那副说辞:“就每晚出去走走。”
“你在把我当弱智吗?”江郁沉眸看着她,嗓音低下去,像在压着火气,“这种敷衍的话,周漾都他妈不会信。”
“既然知道我在敷衍,”南馥缓缓地说,“那你又为什么非要问呢?”
江郁喉咙里瞬间像堵了一团棉花,胸腔处闷得喘不过来。
为什么非要问?
当然是因为你一点儿机会都不给,一点儿让别人撬开你心口缝隙的机会都不给。
他太想知道,这人到底在乎着些什么。
想知道她是不是对所有人都像对待他这般忽远忽近,想知道她心里到底有没有例外。
但江郁却不能这么回答。
一旦这份炙热隐秘的感情被摊开来,肯定会吓跑她。
因为她会觉得承受不起。
南馥见江郁突然不说话,知道他多半少爷脾气又犯了,不过今晚她没什么心情去逗他,于是直接略过他去开浴室门。
还没转动把手,一只修长的手握了过来。
南馥蓦地抬起眸。
这只手引着她冰凉的手掌轻轻按在了他的腺体上。
“同桌,你好像忘了一些事。”江郁脊骨微弯,手指以一种交叉的姿势覆盖在她手上,这样近的角度,南馥看见他鸦翼似的睫毛轻轻抖了一下。
她微微错愕,脑中忽然绷紧一根弦。
江郁的嗓子带着颤栗,声调都有些不稳,像是因为敏感的腺体被侵犯,又像是委屈。
“你今晚……是不是该帮我做信息素引导了?”
18.同床 身体很烫
宿舍的浴室不算大, 和卫生间连在一起的。
南馥拧开花洒,头顶水流倒冲,她闭着眼睛, 甩了两下头发, 额前的刘海隐隐遮了她晦暗不明的眉眼。

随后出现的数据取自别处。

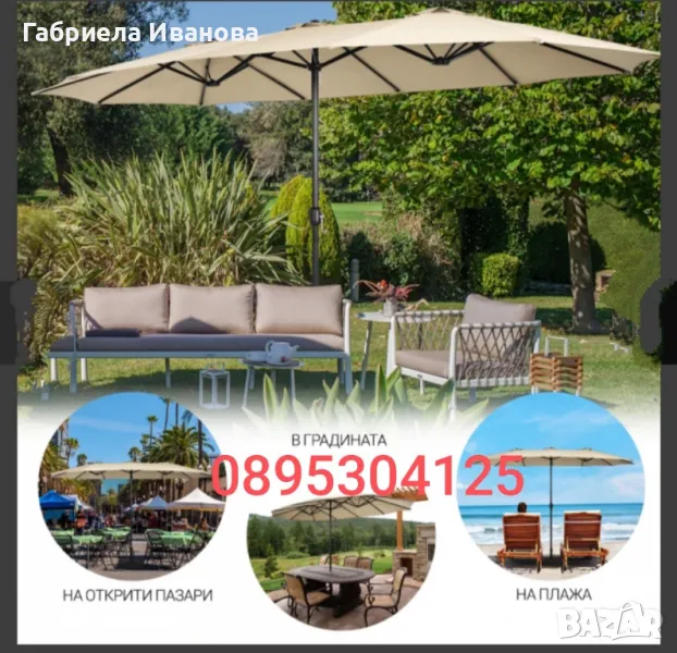 Градински чадър,двоен 4,4/2,6м с водоустойчиво покритие и UV защита!Топ цена 249 лв

水流顺着起伏的身体线条淌下,也让她的思绪慢慢沉静了下来。
回宿舍之前, 南馥接到了简一言的消息,说是搭讪很成功, 南正诚让他过两天去家里坐坐。
虽然事情按她的计划进行着, 但她没觉得任何高兴, 只有恶心。
这也是她一点也不想和江郁谈这些的原因。
她不想被他知道南正诚这种垃圾的存在, 甚至不想让他知道她过去的人生是如此腐烂。
像是所有竭力隐藏的噩梦被剥开,所有努力堆砌的美好都粉碎, 这个画面只是想想,就让人觉得毛骨悚然。
温暖的水汽中,南馥慢慢捏紧拳头, 水珠迷进眼,她扯了扯嘴角, 整个泪腺都在刺痛。
不多时, 南馥吹干头发走出浴室。
宿舍一目了然, 她视线扫过一圈却没见到江郁的身影。
“不是要做信息素引导吗, 人呢……”
她嘀咕一声, 掀被子准备躺床上。
手刚要伸下去, 南馥猛地顿住。
她看了眼隔壁角平整的床铺, 又看了眼自己床上隆起来的被子,皱着眉问:“你睡我床干什么?”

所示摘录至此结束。